• **Excerpts from a dataset**

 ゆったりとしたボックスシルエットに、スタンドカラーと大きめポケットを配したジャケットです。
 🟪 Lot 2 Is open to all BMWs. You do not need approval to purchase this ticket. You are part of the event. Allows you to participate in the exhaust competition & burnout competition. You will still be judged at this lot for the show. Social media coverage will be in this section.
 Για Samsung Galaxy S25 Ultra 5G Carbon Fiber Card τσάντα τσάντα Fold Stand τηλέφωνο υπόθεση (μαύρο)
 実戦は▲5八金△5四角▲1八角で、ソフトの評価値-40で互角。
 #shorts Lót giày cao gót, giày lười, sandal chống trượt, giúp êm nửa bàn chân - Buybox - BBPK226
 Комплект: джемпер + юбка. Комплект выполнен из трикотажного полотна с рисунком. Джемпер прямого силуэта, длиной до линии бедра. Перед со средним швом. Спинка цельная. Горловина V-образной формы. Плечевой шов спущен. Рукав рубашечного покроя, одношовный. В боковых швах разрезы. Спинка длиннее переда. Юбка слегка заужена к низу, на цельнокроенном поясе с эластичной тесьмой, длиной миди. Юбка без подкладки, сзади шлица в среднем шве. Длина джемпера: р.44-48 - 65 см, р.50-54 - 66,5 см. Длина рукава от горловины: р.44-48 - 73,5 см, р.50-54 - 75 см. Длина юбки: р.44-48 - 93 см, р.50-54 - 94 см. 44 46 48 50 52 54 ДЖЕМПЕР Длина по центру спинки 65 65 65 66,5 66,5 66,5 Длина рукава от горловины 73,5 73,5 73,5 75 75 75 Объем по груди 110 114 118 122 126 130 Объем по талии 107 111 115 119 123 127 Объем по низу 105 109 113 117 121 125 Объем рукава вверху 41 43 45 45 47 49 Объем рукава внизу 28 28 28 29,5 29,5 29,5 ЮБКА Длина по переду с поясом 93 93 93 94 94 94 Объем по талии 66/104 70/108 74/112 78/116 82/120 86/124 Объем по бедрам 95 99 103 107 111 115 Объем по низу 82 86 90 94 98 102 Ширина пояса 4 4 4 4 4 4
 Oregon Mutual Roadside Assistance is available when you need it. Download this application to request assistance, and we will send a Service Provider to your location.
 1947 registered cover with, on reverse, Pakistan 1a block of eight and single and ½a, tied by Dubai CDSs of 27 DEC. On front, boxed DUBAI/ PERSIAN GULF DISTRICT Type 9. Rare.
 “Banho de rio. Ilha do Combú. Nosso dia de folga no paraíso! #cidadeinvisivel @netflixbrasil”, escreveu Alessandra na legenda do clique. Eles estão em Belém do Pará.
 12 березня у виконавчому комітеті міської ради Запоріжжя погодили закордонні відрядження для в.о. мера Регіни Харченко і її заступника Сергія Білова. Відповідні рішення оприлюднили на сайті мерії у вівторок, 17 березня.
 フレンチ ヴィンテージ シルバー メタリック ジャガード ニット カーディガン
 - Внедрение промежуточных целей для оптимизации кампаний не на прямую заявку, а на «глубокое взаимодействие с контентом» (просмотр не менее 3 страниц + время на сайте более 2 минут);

• **Description of the task**
The answer should consist of all the lines above, retyped exactly.

• **Solution to the exercise**
 ゆったりとしたボックスシルエットに、スタンドカラーと大きめポケットを配したジャケットです。
 🟪 Lot 2 Is open to all BMWs. You do not need approval to purchase this ticket. You are part of the event. Allows you to participate in the exhaust competition & burnout competition. You will still be judged at this lot for the show. Social media coverage will be in this section.
 Για Samsung Galaxy S25 Ultra 5G Carbon Fiber Card τσάντα τσάντα Fold Stand τηλέφωνο υπόθεση (μαύρο)
 実戦は▲5八金△5四角▲1八角で、ソフトの評価値-40で互角。
 #shorts Lót giày cao gót, giày lười, sandal chống trượt, giúp êm nửa bàn chân - Buybox - BBPK226
 Комплект: джемпер + юбка. Комплект выполнен из трикотажного полотна с рисунком. Джемпер прямого силуэта, длиной до линии бедра. Перед со средним швом. Спинка цельная. Горловина V-образной формы. Плечевой шов спущен. Рукав рубашечного покроя, одношовный. В боковых швах разрезы. Спинка длиннее переда. Юбка слегка заужена к низу, на цельнокроенном поясе с эластичной тесьмой, длиной миди. Юбка без подкладки, сзади шлица в среднем шве. Длина джемпера: р.44-48 - 65 см, р.50-54 - 66,5 см. Длина рукава от горловины: р.44-48 - 73,5 см, р.50-54 - 75 см. Длина юбки: р.44-48 - 93 см, р.50-54 - 94 см. 44 46 48 50 52 54 ДЖЕМПЕР Длина по центру спинки 65 65 65 66,5 66,5 66,5 Длина рукава от горловины 73,5 73,5 73,5 75 75 75 Объем по груди 110 114 118 122 126 130 Объем по талии 107 111 115 119 123 127 Объем по низу 105 109 113 117 121 125 Объем рукава вверху 41 43 45 45 47 49 Объем рукава внизу 28 28 28 29,5 29,5 29,5 ЮБКА Длина по переду с поясом 93 93 93 94 94 94 Объем по талии 66/104 70/108 74/112 78/116 82/120 86/124 Объем по бедрам 95 99 103 107 111 115 Объем по низу 82 86 90 94 98 102 Ширина пояса 4 4 4 4 4 4
 Oregon Mutual Roadside Assistance is available when you need it. Download this application to request assistance, and we will send a Service Provider to your location.
 1947 registered cover with, on reverse, Pakistan 1a block of eight and single and ½a, tied by Dubai CDSs of 27 DEC. On front, boxed DUBAI/ PERSIAN GULF DISTRICT Type 9. Rare.
 “Banho de rio. Ilha do Combú. Nosso dia de folga no paraíso! #cidadeinvisivel @netflixbrasil”, escreveu Alessandra na legenda do clique. Eles estão em Belém do Pará.
 12 березня у виконавчому комітеті міської ради Запоріжжя погодили закордонні відрядження для в.о. мера Регіни Харченко і її заступника Сергія Білова. Відповідні рішення оприлюднили на сайті мерії у вівторок, 17 березня.
 フレンチ ヴィンテージ シルバー メタリック ジャガード ニット カーディガン
 - Внедрение промежуточных целей для оптимизации кампаний не на прямую заявку, а на «глубокое взаимодействие с контентом» (просмотр не менее 3 страниц + время на сайте более 2 минут);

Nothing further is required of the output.